Das Geschlecht von Honigbienen wird nicht wie beim Menschen durch X-Y Chromosomen, sondern anhand der Kombinationen von Varianten eines einzigen Gens bestimmt. Jetzt berichten Wissenschaftler in der aktuellen Online-Ausgabe von „Nature“ über eine weitere, neu entdeckte Schlüsselkomponente der komplementären Geschlechtsbestimmung: das feminizer-Gen (fem).
In Bienenvölkern existieren über 15 Varianten des so genannten „complementary sex determiners“ (csd). Gleich einem Spiel mit zwei Würfeln erzeugen gleiche Zahlen bzw. Varianten Männchen, ungleiche Zahlen Varianten Weibchen. Die Entschlüsselung der komplementären Geschlechtsbestimmung der Honigbiene begann bereits vor mehr als 150 Jahren durch den oberschlesischen Pfarrer Johann Dzierzon, der ein Zeitgenosse von Gregor Mendel war.
Das unter Federführung von Wissenschaftlern der Universität Düsseldorf um Martin Hasselmann, Tanja Gempe, Marianne Otte und Professor Martin Beye identifizierte fem-Gen wird nun für die weibliche Entwicklung gebraucht und liegt in direkter Nachbarschaft zum csd-Gen. Es übersetzt dabei die komplexe Information der über 15 verschiedenen csd-Varianten in eine binäre Aktivität: Weibchen haben ein funktionstüchtiges, Männchen besitzen ein funktionsloses fem-Genprodukt.

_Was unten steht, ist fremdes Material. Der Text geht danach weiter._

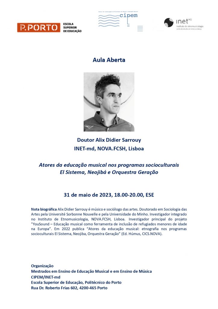 Aula Aberta | Atores da educação musical nos programas socioculturais El Sistema, Neojibá e Orquestra Geração | 2023-05-31

Verwandlung von Weibchen in Männchen
Beye und seine Kollegen zeigten, dass die Blockierung des fem-Gens mit Hilfe einer Technik, die als RNA-Interferenz bekannt ist, zu einer vollständigen Verwandlung der Weibchen in Männchen führte. Das gleiche Ergebnis resultierte für das csd-Gen, jedoch führte hier die Blockierung zusätzlich zu einem Umschalten des fem-Genprodukts in die funktionslose männliche Variante. Diese Ergebnisse zeigen, dass beide Gene das Geschlecht bestimmen, jedoch csd die geschlechtsbestimmende Aktivität von fem festlegt.

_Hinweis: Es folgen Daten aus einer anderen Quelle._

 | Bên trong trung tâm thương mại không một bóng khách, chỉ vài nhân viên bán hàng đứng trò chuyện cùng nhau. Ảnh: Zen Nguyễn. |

Die Forscher analysierten weitere fem-Gene aus anderen Bienenarten und konnten zeigen, dass csd aus einer Kopie des fem-Gens in den letzten 10 bis 70 Millionen Jahren hervorgegangen ist. Dabei wurden einzelne Änderungen im csd-Protein identifiziert, die bevorzugt unter positiver darwinscher Selektion im Laufe der Evolution fixiert wurden und für die Entstehung der würfelgleichen Funktionsweise von entscheidender Bedeutung waren.
Evolutive Neuerung
Das csd-Gen stellt eine evolutive Neuerung der Honigbienen dar. Wespen, Ameisen und andere Bienenarten haben auch eine komplementäre Geschlechtsbestimmung, doch müssen andere Gene verantwortlich sein.

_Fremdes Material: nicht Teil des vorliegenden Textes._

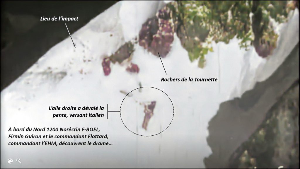 Rendues difficiles par une météo épouvantable, les recherches aériennes s’organisent malgré tout. Les aviateurs préparent d’éventuels parachutages, si bien que, le lundi, dès 7 h 30, le plus célèbre des aviateurs de haute montagne, le chef-pilote Firmin Guiron, décolle de Passy, emmenant à bord de son appareil le chef de bataillon Flottard, commandant l’École de haute montagne (EHM) de Chamonix, et chargé de coordonner les opérations. À leur retour, on peut reconstituer le drame avec une marge suffisante de probabilité : l’appareil a buté à une quinzaine de mètres sous l’arête sommitale, mille mètres au-dessus du refuge Vallot. Il y a perdu son aile droite, qui a glissé sur le versant italien puis, rabotant la haute neige couvrant l’arête, a comme éclaté, couvrant de ses débris un kilomètre du versant français. À quinze mètres près, le Malabar Princess était sauvé !
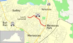 SR 213 begins at the boundary between the city of Manassas Park and Prince William County to the west. Manassas Drive continues west a short distance as SR 1501 to Lomond Drive. The state highway heads east as a two-lane undivided road that winds its way through several residential neighborhoods in the city. SR 213 reaches its eastern terminus at SR 28 (Centreville Road). Manassas Drive continues east as an unnumbered four-lane divided highway that serves the industrial side of town near the Manassas Park Virginia Railway Express station.[1][2]

Die Studie zeigt, dass neue Formen der Geschlechtsbestimmung durch einfache Umbauten des bestehenden Genrepertoires entstehen können. Die zugrunde liegenden evolutionären Prozesse, Genduplikation und positive Selektion, belegen eindrucksvoll, wie Innovationen von Entwicklungsvorgängen entstehen können.